» Work to be completed
From the records below, please print only the lines from the one containing "9月12日晚,大量市民游客在武昌江滩,观看2025长江文化艺术季开幕式的烟花和" through the one containing "Eckertz, Waldemar (1878–1947): 3", both included. Skip the pictures.

**** Excerpted records ****

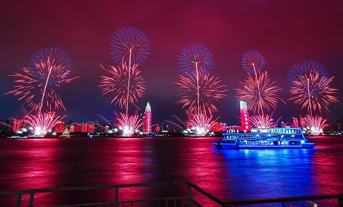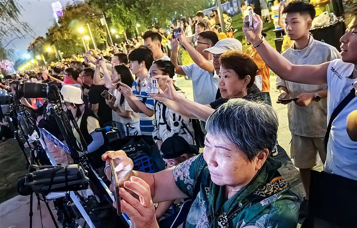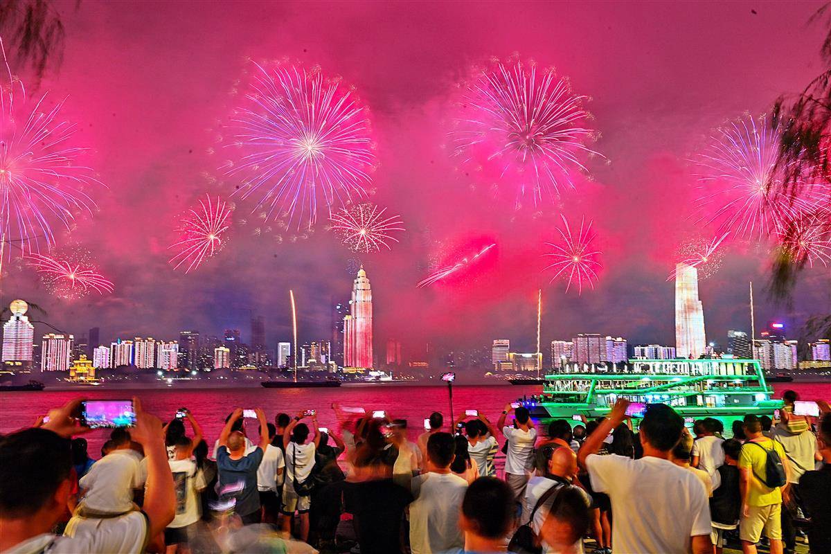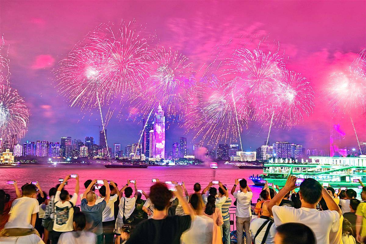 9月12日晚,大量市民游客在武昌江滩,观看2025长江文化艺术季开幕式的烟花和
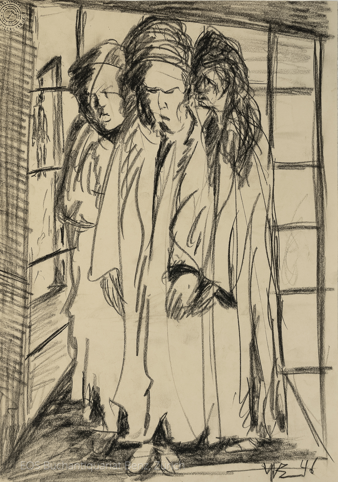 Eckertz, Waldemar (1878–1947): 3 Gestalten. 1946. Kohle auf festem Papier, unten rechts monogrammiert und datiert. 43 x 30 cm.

****
**** Excerpted records ****

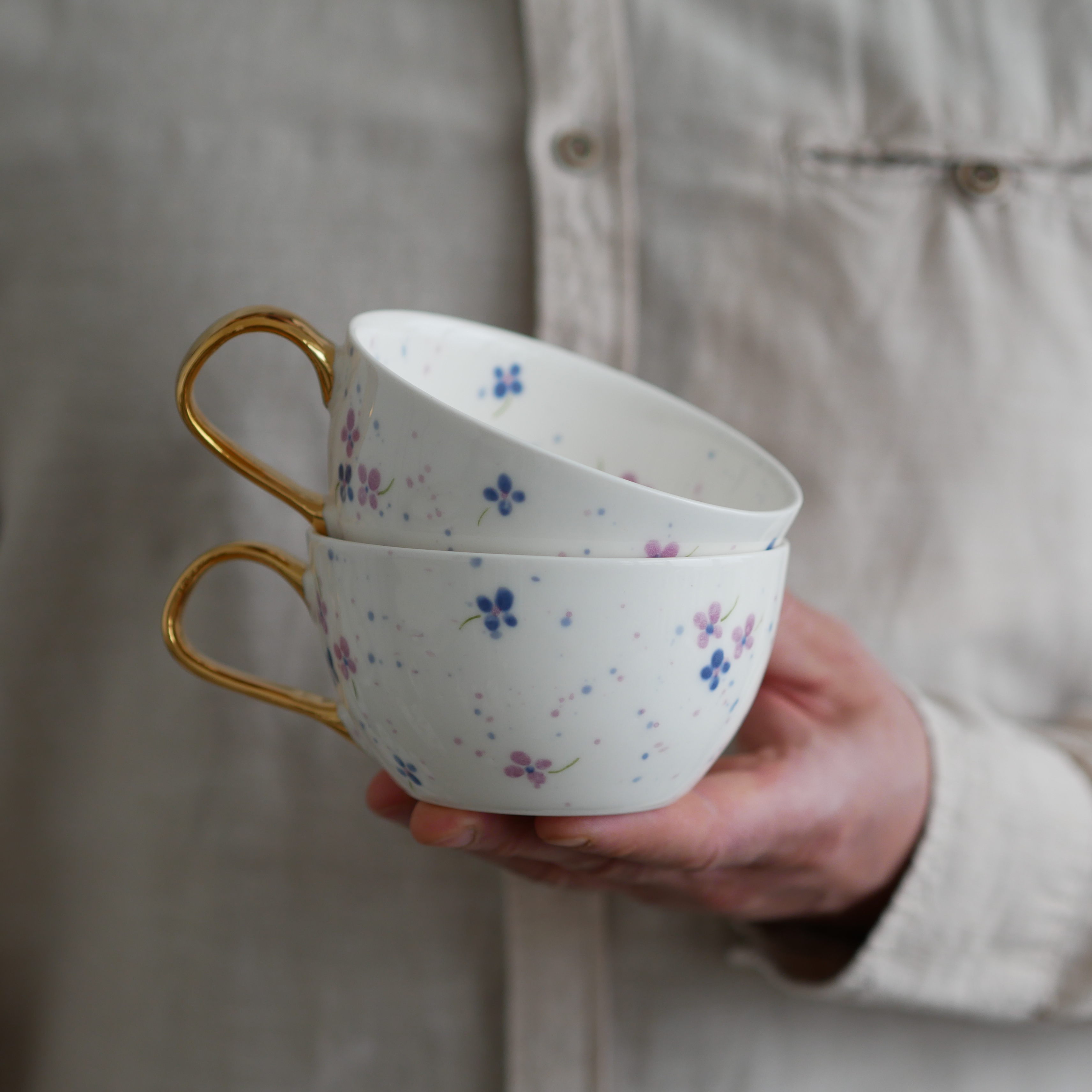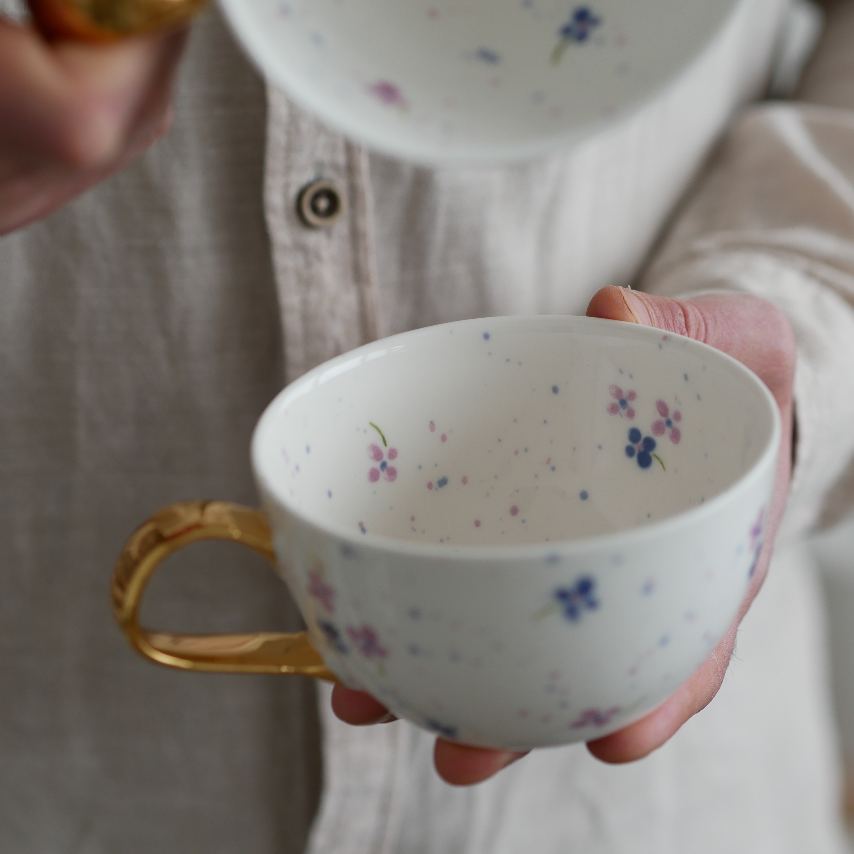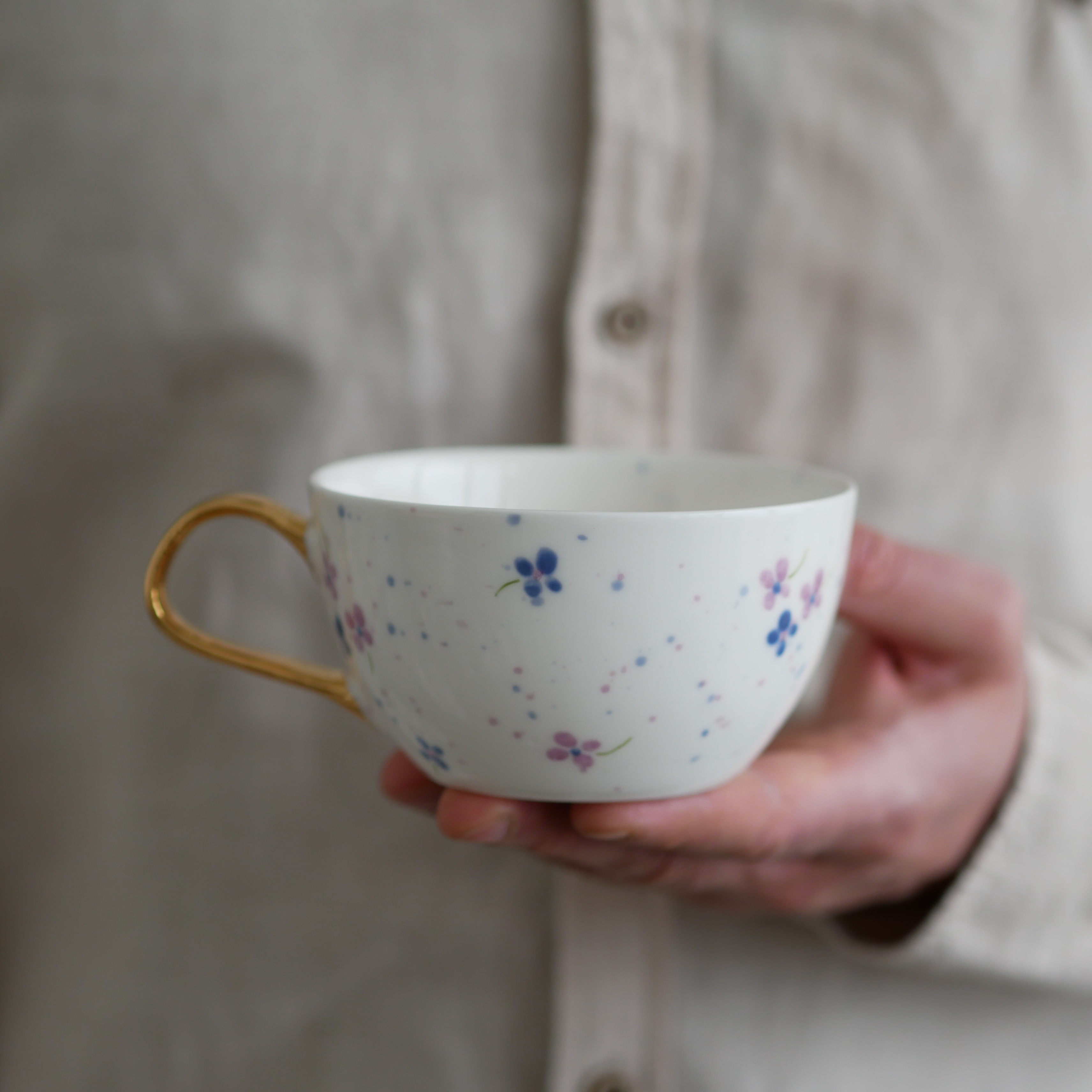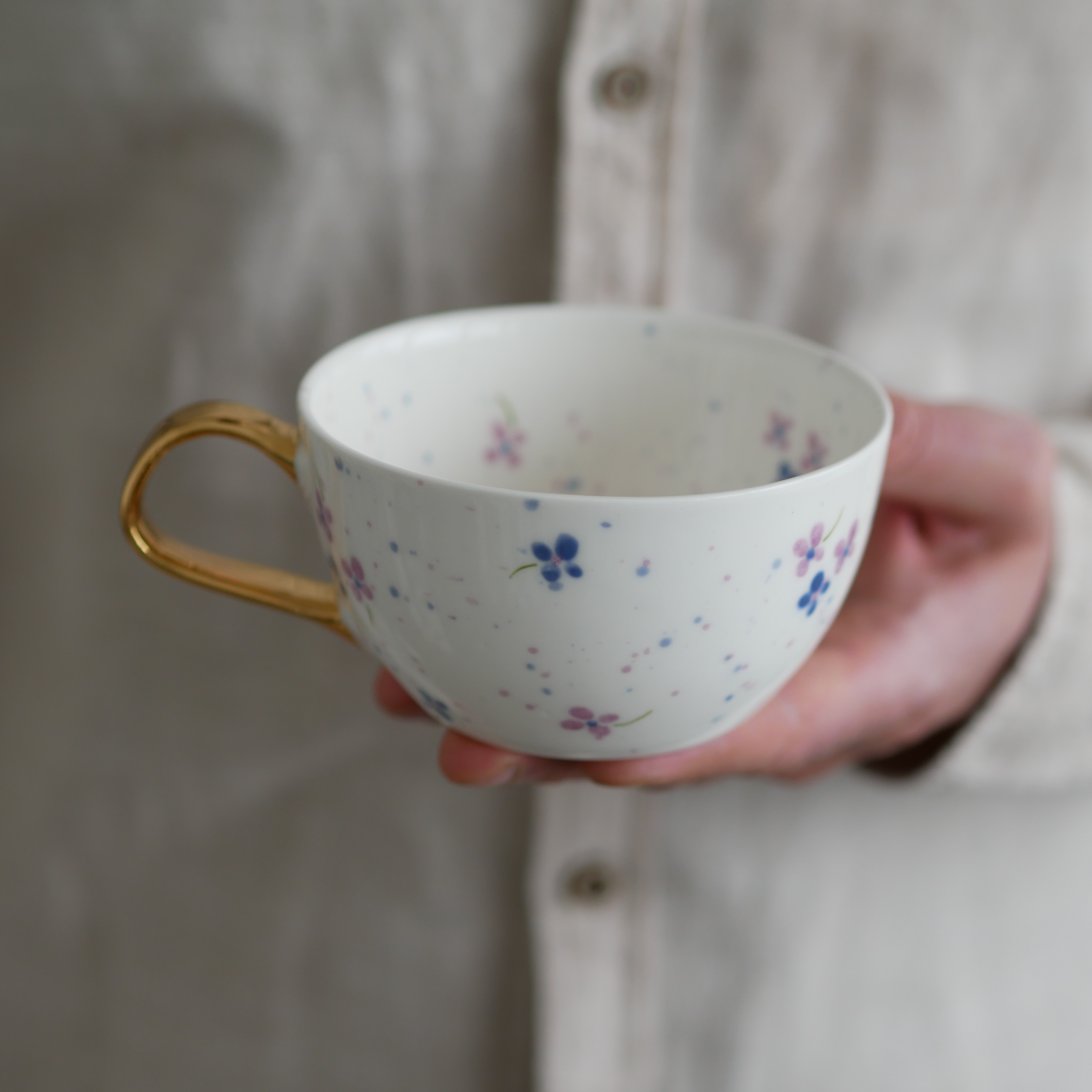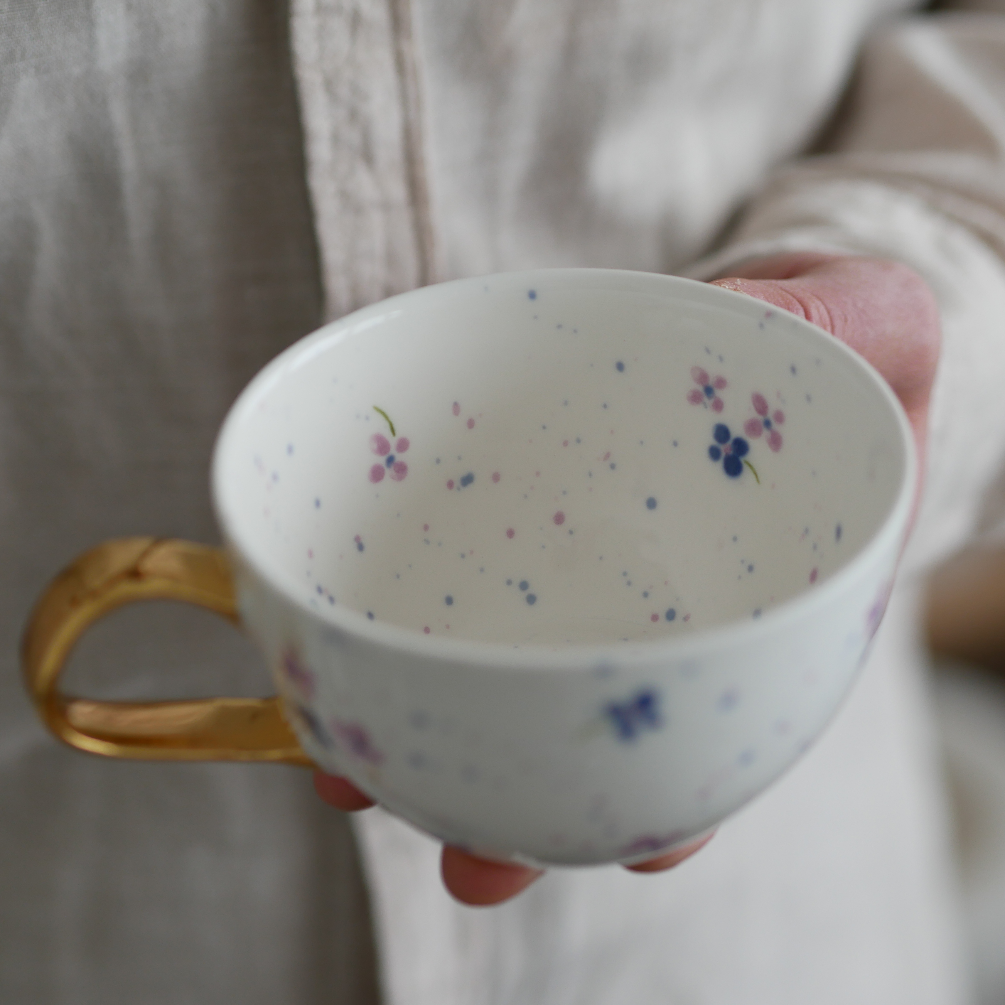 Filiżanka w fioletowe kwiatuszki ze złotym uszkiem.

****

» Answer to this problem
 9月12日晚,大量市民游客在武昌江滩,观看2025长江文化艺术季开幕式的烟花和
 Eckertz, Waldemar (1878–1947): 3 Gestalten. 1946. Kohle auf festem Papier, unten rechts monogrammiert und datiert. 43 x 30 cm.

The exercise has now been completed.